So, overall, the fund saw a lot of ups and downs, showing how risky emerging markets like
Brazil can be.

Key Stats:
• Very Volatile — Prices fluctuate a lot because of political issues, commodity prices,
and global market trends.

• Dividend Yield: Around 2–4%, which is decent.

• Top Holdings during study period: Petrobras, Vale, Itau Bank, Ambev

• Expense Ratio: About 0.59% (so it’s a bit on the higher side for ETFs)

Why the Authors Chose Classification and Not Regression?

The authors were more interested in predicting whether the price will go up or down, not
the exact price.
This is why they used classification — it’s easier for decision-making in trading.
Also, predicting price direction is usually more reliable than predicting exact prices, which
are affected by too many factors.

Other Ways They Could Have Set the Classification Target:

1. Percentage Change Based:

o Up (+1): If price increases by more than 2%

o Down (-1): If price falls by more than 2%

o Neutral (0): If price change is within ±2%

2. Based on Trend Days:

o Uptrend: If price goes up for 3 days in a row

o Downtrend: If price falls for 3 days in a row

o No trend: If mixed movement

Technical Indicators Calculation (e.g., RSI, MACD)

• Purpose: Show how indicators are derived from raw price data.

• Relevant Code:

python

# RSI Calculation
delta = data['Close'].diff()

gain = delta.clip(lower=0)

loss = -delta.clip(upper=0)

rsi = 100 - (100 / (1 + (avg_gain / avg_loss)))

Q3. Methodology Understanding

Section 2 — Data

Instead of mixing data and methods in one section, we can separate the Data part as its
own section.
This section will mainly cover how the data was collected, prepared, and processed.

Subcategories under Data:

1. 2.1 Data Collection

o Talks about where the data came from (like Yahoo Finance).

o Covers the ETFs used (ECH, EWZ, IVV) and the period of data (2009–2020).

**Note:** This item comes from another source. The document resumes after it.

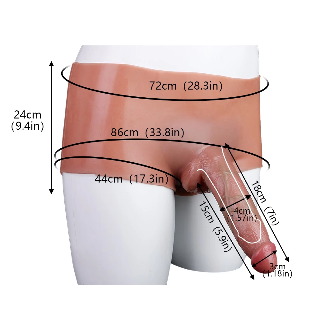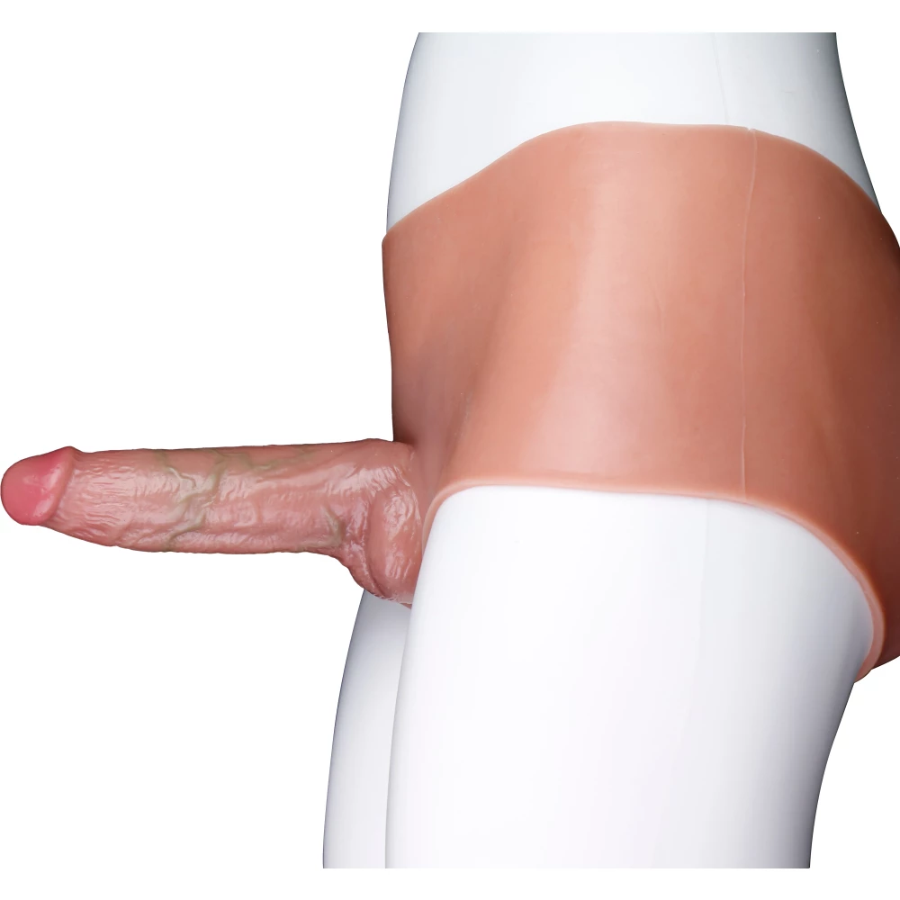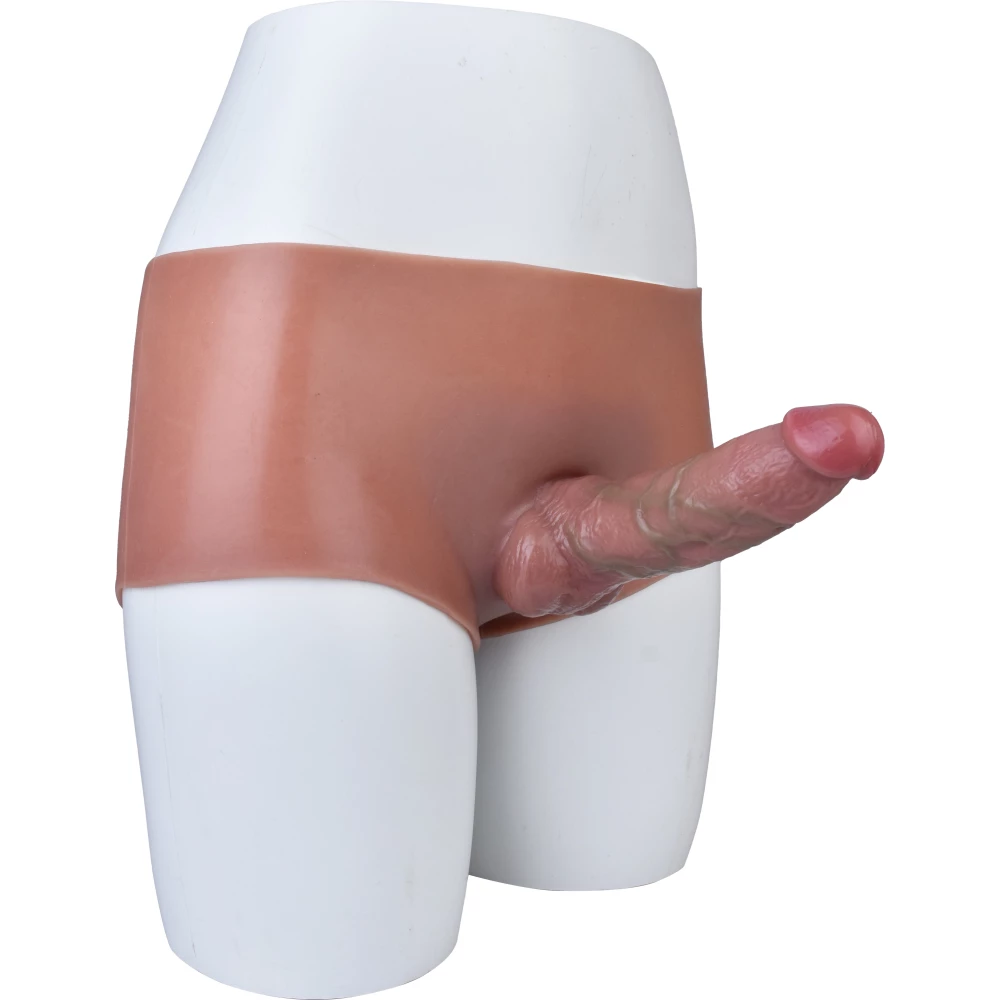 Slip cu dildo din silicon inclus, potrivit atat pentru femei cat si pentru barbati, ce ofera un plus de volum al zonei intime, aplicat pe dedesubtul articolelor clasice de imbracaminte. Se poate purta ca atare in locul lenjeriei intime sau pe sub aceasta, depinde cum se doreste. Dildo-ul este extrem de moale si placut la atingere si este prevazut cu testicule si vene bine reliefate pentru un aspect cat mai realistic.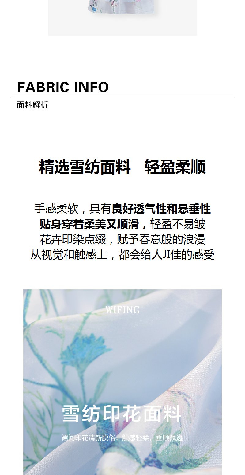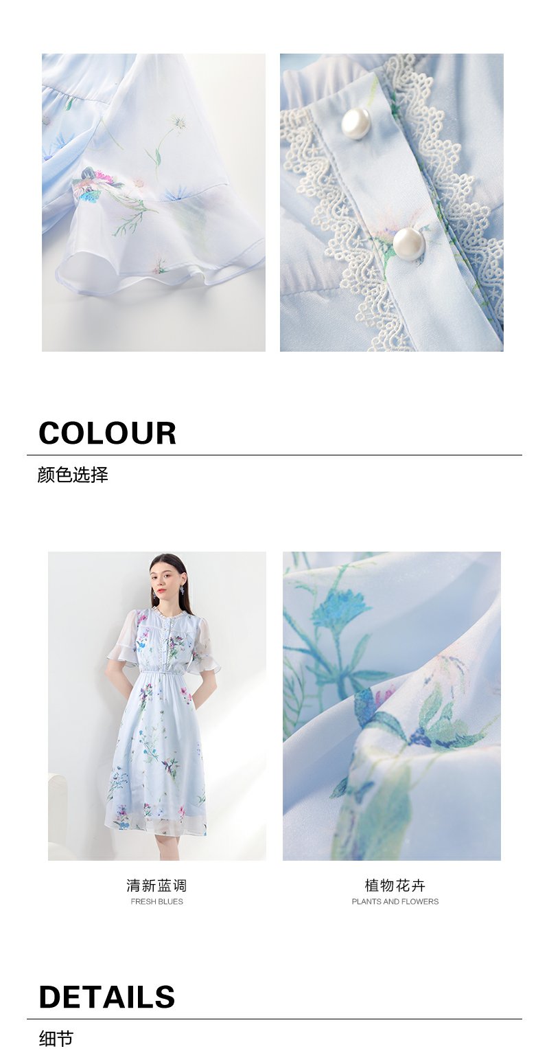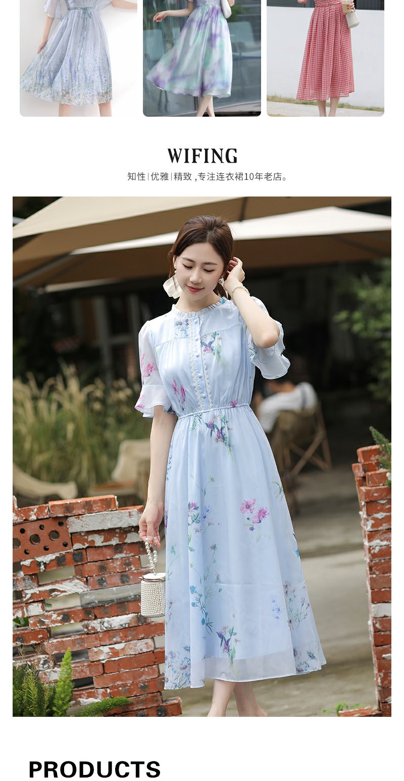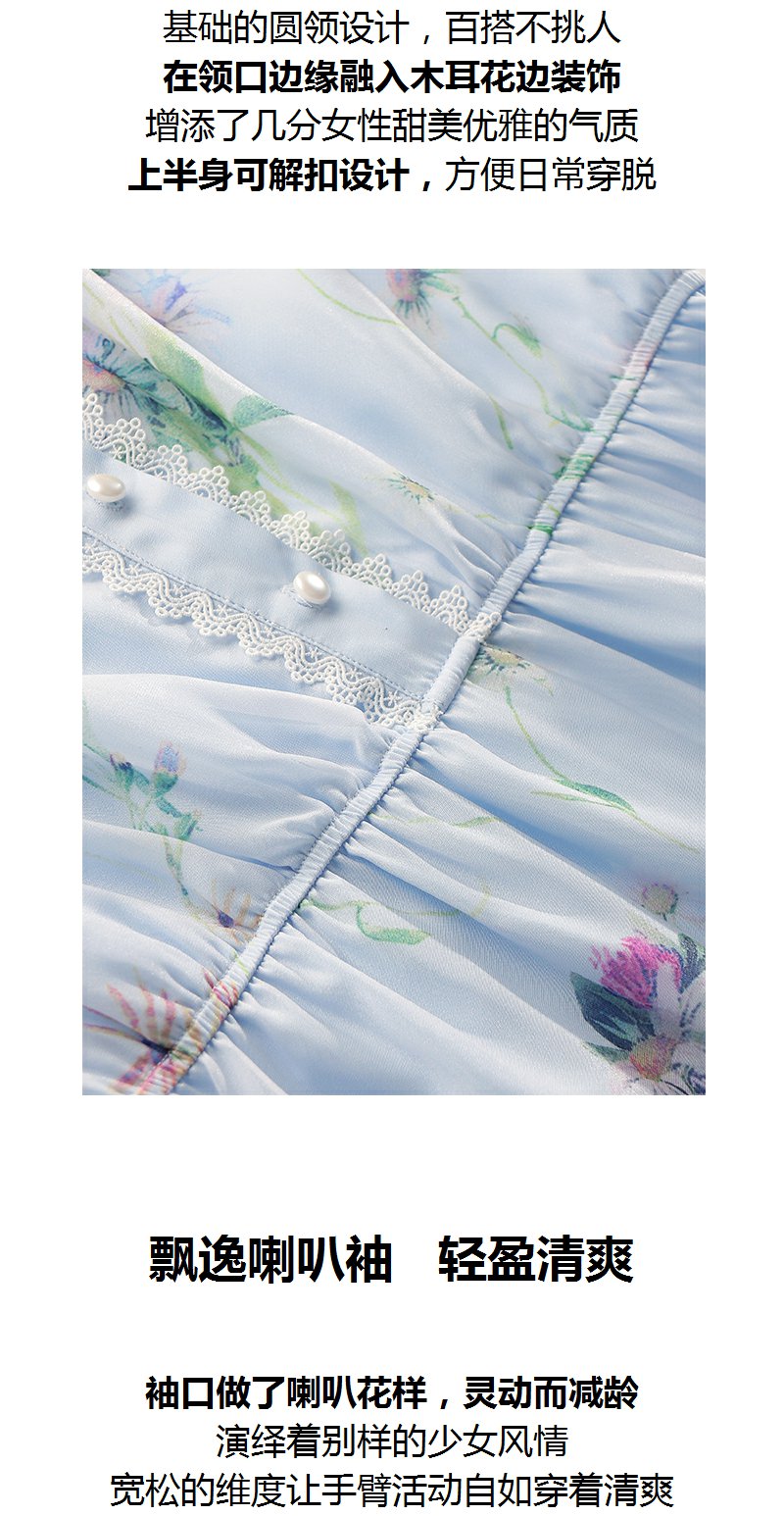 未风蓝色雪纺碎花连衣裙女夏2025年夏季新款女装气质法式收腰裙子

2. 2.2 Technical Indicators

o Explains how they used Pandas TA library to create over 200 technical
indicators.

o Some examples: RSI, MACD, Moving Averages, ATR.

3. 2.3 Data Processing

o This is about cleaning the data, handling missing values, and scaling.

o Also includes how they prepared the data for machine learning (like splitting
into training/testing sets).

Section 3 — Methodology

This section will explain the methods they used for analysis and prediction.

Subcategories under Methodology:


1. 3.1 Descriptive Statistics and Correlation Analysis

o This part talks about finding relationships between indicators and stock
movement using Pearson correlation.

o Helps to get a basic idea before using any model.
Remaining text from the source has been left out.